Descent: We did single rope raps from the summit to the top of guidebook p11. Tat around blocks, etc. makes this possible. Be careful on the rap from the top of p11 to the top of p9; there is some rope eating varnish. From there, the raps are pretty good double rope raps.

All in all, a sweet climb.

Also, the rope tat on the summit rap needs to be replaced soon.
By steven sadler
From: SLC, UT
Feb 4, 2013

Do you need to permit to bivy on this route?

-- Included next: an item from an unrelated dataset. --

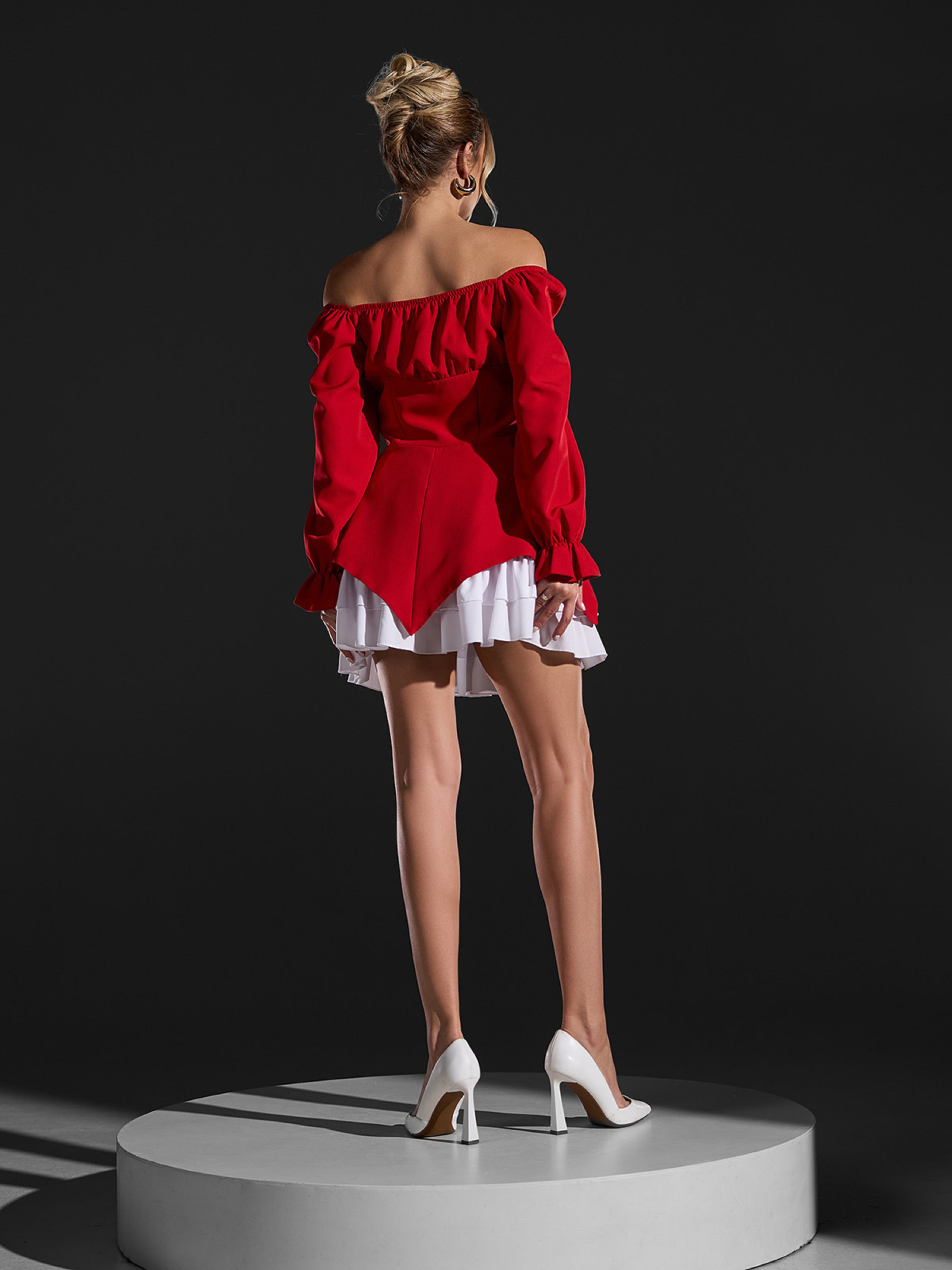 Красное ретро платье из плотной костюмки с нижним белым съемным подюбником. Модель с длинными рукавами, декорированными воланами. Платье на пуговицах с асимметричной баской и лифом на кулиске. Полуобхват: Грудь: S (42), M (44), L (46), XL (48), Талия: S (36), M (38), L (40), XL (42), Бедра: S (55), M (57), L (59), XL (61), Длина изделия - 82, Рукав - 60, Ткань: Низкой эластичности.

edit: From what I've been able to find no permit is required to bivy on this route. Could someone verify this information?
By Michael Schneiter
From: Glenwood Springs, CO
Feb 5, 2013

My understanding is that a permit is required for any climbing bivy within Zion National Park, even if the approach starts outside the park.
By jborof
Feb 17, 2013

anybody got a topo?
By Richard Shore
Dec 22, 2014
rating: 5.11- 6c 22 VIII+ 22 E3 5c

Wow, excellent line! Lots of sustained crack climbing with a bit of face thrown in the mix. I felt that this line was much more demanding than Positive Vibrations on the Incredible Hulk, which is the same length and grade (albeit on granite). Without much trouble, we did the route in 10 pitches with a 60M, linking the ST pitches as follows: 1&2, 3&4, 5, 6, 7, 8&9, 10&11, 12, 13&14 (rope drag!), 15. 6&7 might also link, but it'd be one hell of a burly pitch done that way. Route goes pretty quickly if linking. As for gear, the OP description is a verbatim copy from the guidebook, and WAY overkill. Ideal rack - doubles from blue TCU to blue Camalot, single #4, no stoppers. We had triples in fingers, and never placed them, and I wouldn't consider either of us particularly bold climbers. An extra 2 or 3 camalot would be nice for the 5.10 hands P3 if you don't want to walk those pieces a loooong ways. A great sunny winter wall!
By Adam Pecan
From: Moab, UT
Mar 13, 2015

Fun route! T shirts all day with clear skies and a nice breeze in the beginning of March. Links well in 9 pitches. 6 and 7 link well with a 70 as long as you plan for the traverse.